System info (please complete the following information):
- OS Name: Windows
- Node version
vasil-testnet-v1 - CLI version
vasil-testnet-v1
Hi, I can see this is assigned to @coot in the JIRA ticket, can someone please assign to him on GH too - I dont have the permissions
@dorin100 does the node stops? Could make sure the following traces are turn on:
TraceLocalHandshakeTraceErrorPolicyTraceLocalErrorPolicy
if they are where can I find a the log file?
@coot the node does not seem to stop.
The GH jobs that ran these tests can be found here (both are using node tag vasil-testnet-v1):
- first run - 2 out of 2 windows jobs failed - https://github.com/input-output-hk/cardano-node-tests/actions/runs/2366734246
- second run - 1 out of 2 windows jobs failed - https://github.com/input-output-hk/cardano-node-tests/actions/runs/2367102172
The logs for each job can be found at the above links in the Artifacts section.

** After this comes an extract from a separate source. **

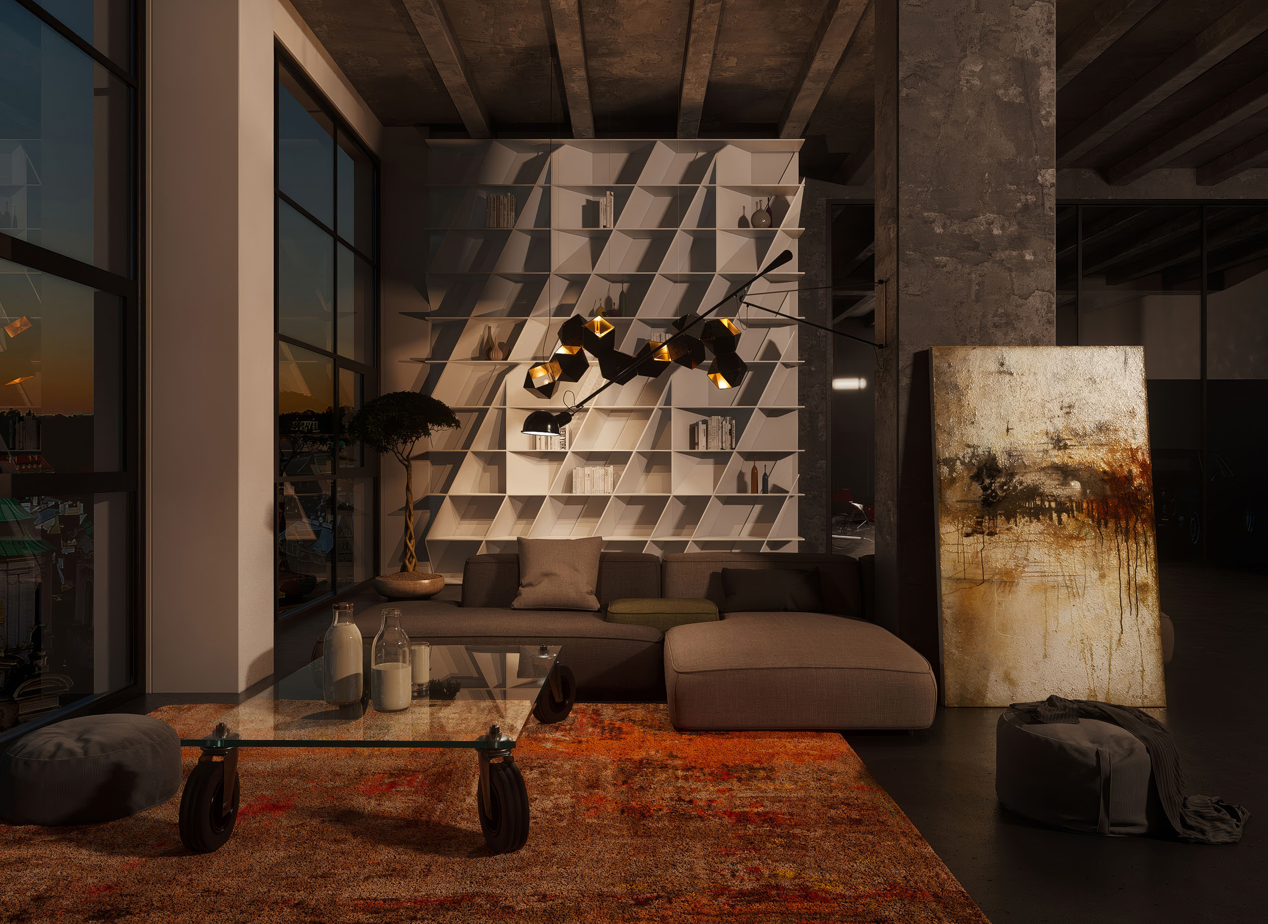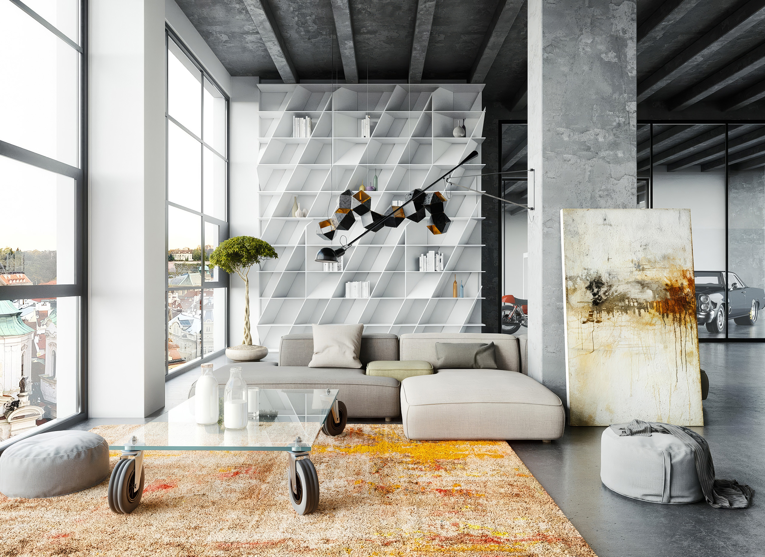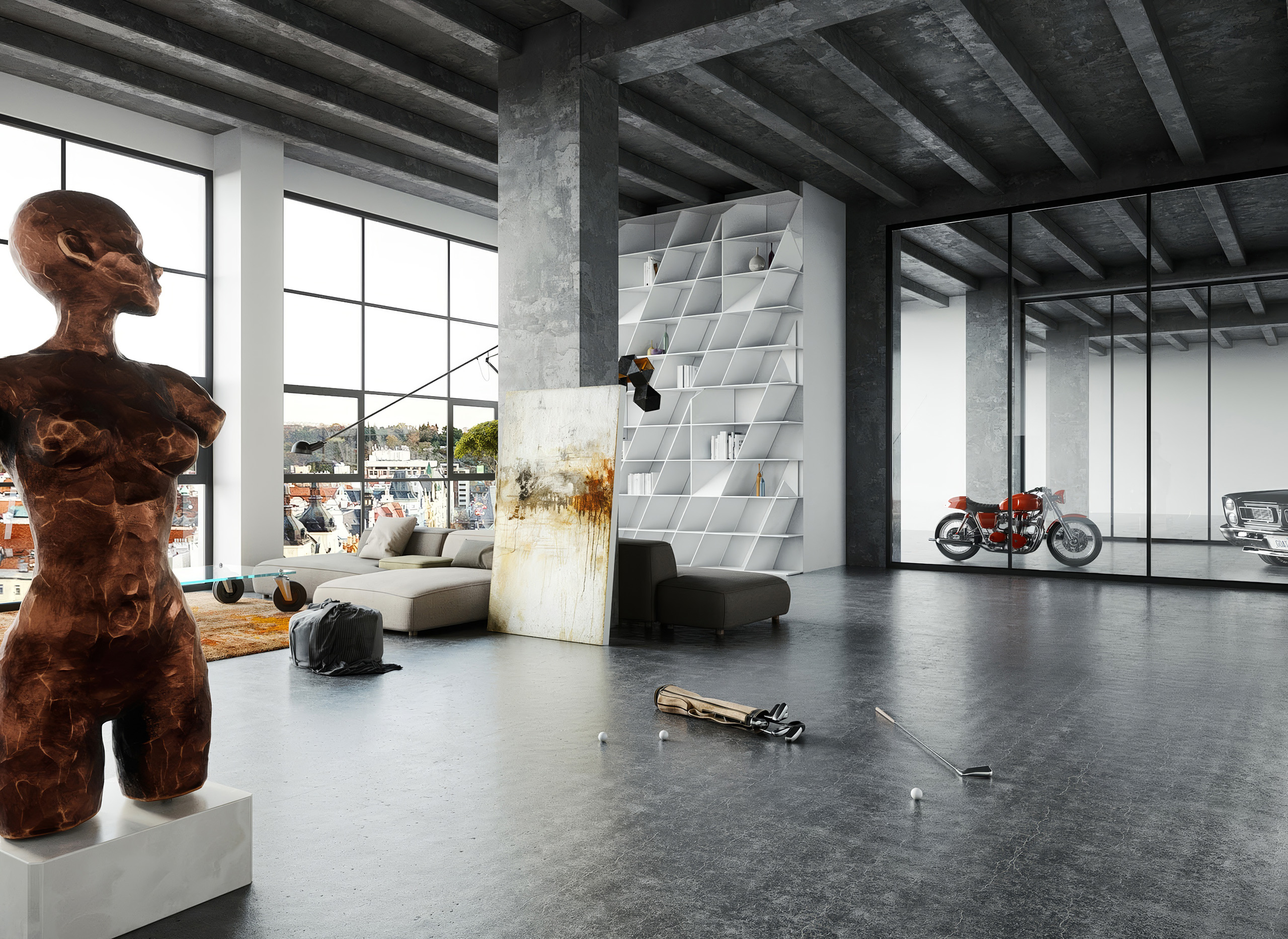 Nevšední loftový byt v prostorách bývalé továrny imitující industriální styl daného prostoru.

All the jobs are run as default with:
TraceLocalHandshake = false
TraceErrorPolicy = true
TraceLocalErrorPolicy = true
Here all windows jobs are ok but we are using tag 1.34.1 (last released one) - https://github.com/input-output-hk/cardano-node-tests/actions/runs/2367105131
FYI: the below flags were not set for any of those sync tests (but only the windows ones are failing)

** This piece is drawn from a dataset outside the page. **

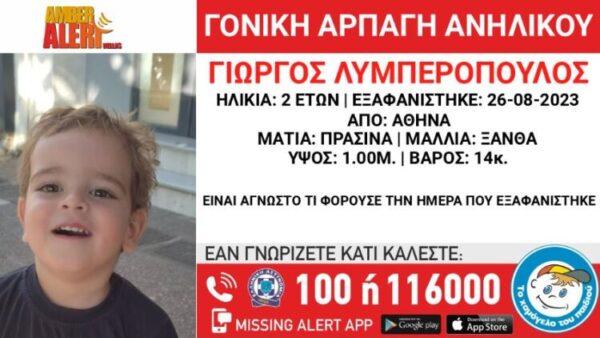 Το Χαμόγελο του Παιδιού ενεργοποίησε τον μηχανισμό Amber Alert για τον δίχρονο Γιώργο Λυμπερόπουλο, κατόπιν εισαγγελικής εντολής, καθώς «υπάρχουν ενδείξεις που υποδεικνύουν ότι πιθανόν η ζωή του παιδιού βρίσκεται σε κίνδυνο».

"TestEnableDevelopmentNetworkProtocols": true,
"TestEnableDevelopmentHardForkEras": true,
~@dorin100 when I look at the recent logs node_logs_shelley_qa_windows-latest from this run. I can only see failing Plutus scripts~
I looked at the wrong logs.
@dorin100 my Windows node synced, and I wasn't able to reproduce the issue: every 10s a cardano-cli was able to query the tip of the node. Could you please enable the following tracers and configure them with the given minimal severities:
| Tracer | Severity |
|---|---|
TraceLocalMux |
Info |
TraceLocalHandshake |
Info |
TraceLocalErrorPolicy |
Debug |
TraceErrorPolicy |
Debug |
@coot - the Window job failed again but this time I used the above tracers. The results can be found here - https://github.com/input-output-hk/cardano-node-tests/actions/runs/2495501357 (look for the [node_logs_staging_windows-latest](https://github.com/input-output-hk/cardano-node-tests/suites/6926637872/artifacts/269779719))

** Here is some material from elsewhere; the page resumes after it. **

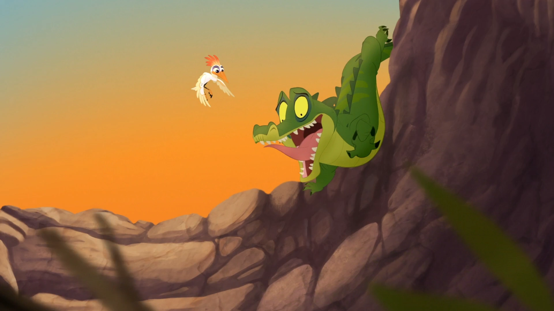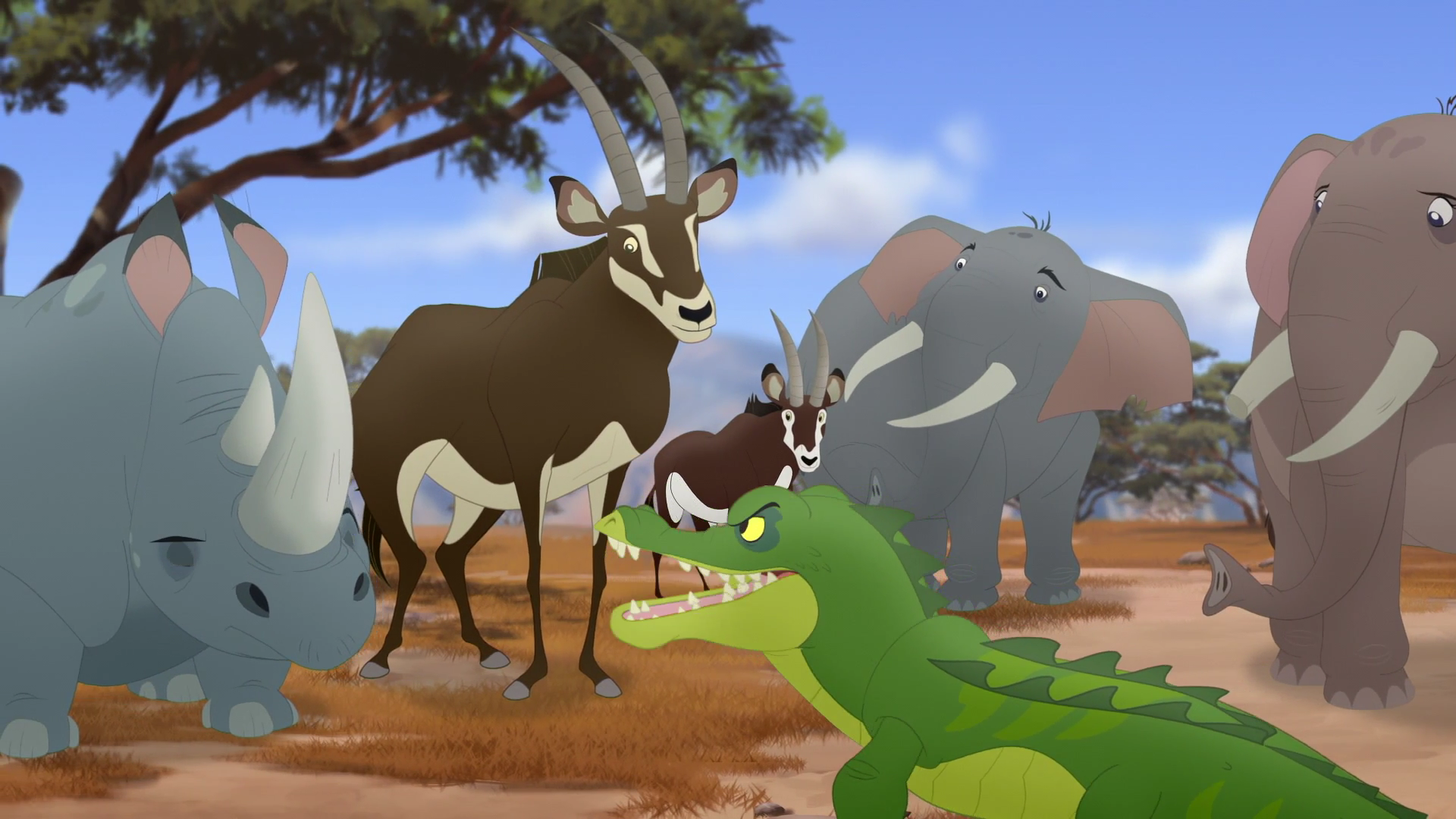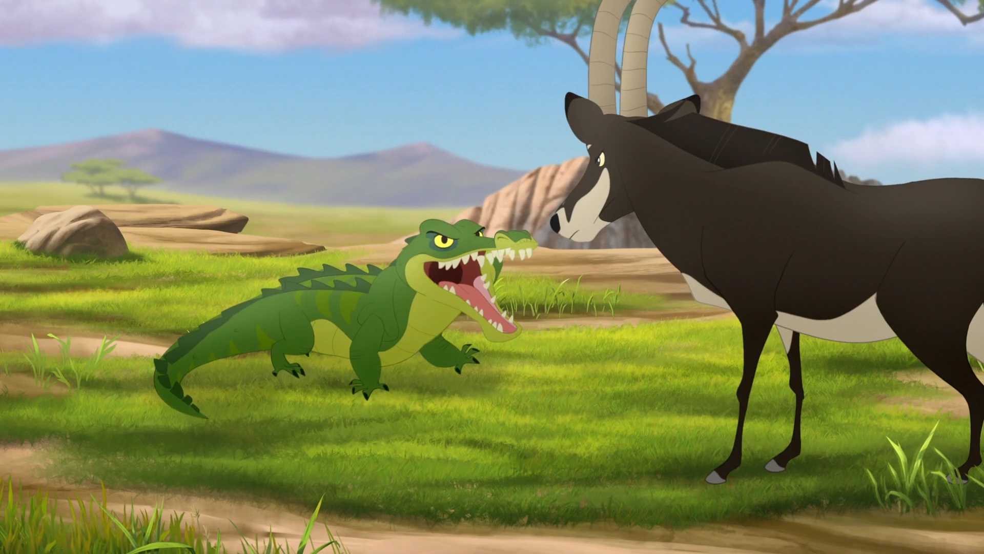 Just then, Ono spotted a herd of cape buffalo stampeding toward the crocodiles, and Kion yelled for the float to take cover. Though the crocodiles managed to reach safety on a nearby cliff, the stampede caused a rockslide, which injured Makuu. Despite his injuries, Makuu insisted that he was fine and continued to train his float.

this was reproducible in 1 out of 2 runs also with 1.35.0-rc3 --> job: https://github.com/input-output-hk/cardano-node-tests/actions/runs/2501998632
just for completeness sake: by reading the logs I didn't found anything wrong with the node. A few seconds before cardano-node shutdown the it accepted the last local connection, while cardano-cli was failing to connect very 60s. We don't have time stamps when cardano-cli was trying to create these connections, but it seems as it's trying to do that after cardano-node terminated.
We discovered:
DiffusionErrored (ExceptionInLinkedThread "ThreadId 34" <stderr>: hPutChar: resource vanished (Broken pipe)
which indicates that there's something wrong with the logging system.
The issue is not reproducing when we run the node with "TurnOnLogging": false
PS: the above error might indicate that the io error was propagated to the top level and the node shutdown (and it should not shut down).
The above error can be found in the logs here:
- GH pipeline - https://github.com/input-output-hk/cardano-node-tests/actions/runs/2536153894
- machine -
node_logs_staging_windows-latest
So, this is legacy tracing system.
We can fix this, by migrating Daedalus to the new tracing system -- which I believe is ready to accomodate Daedalus.
This issue is stale because it has been open 30 days with no activity. Remove stale label or comment or this will be closed in 120 days.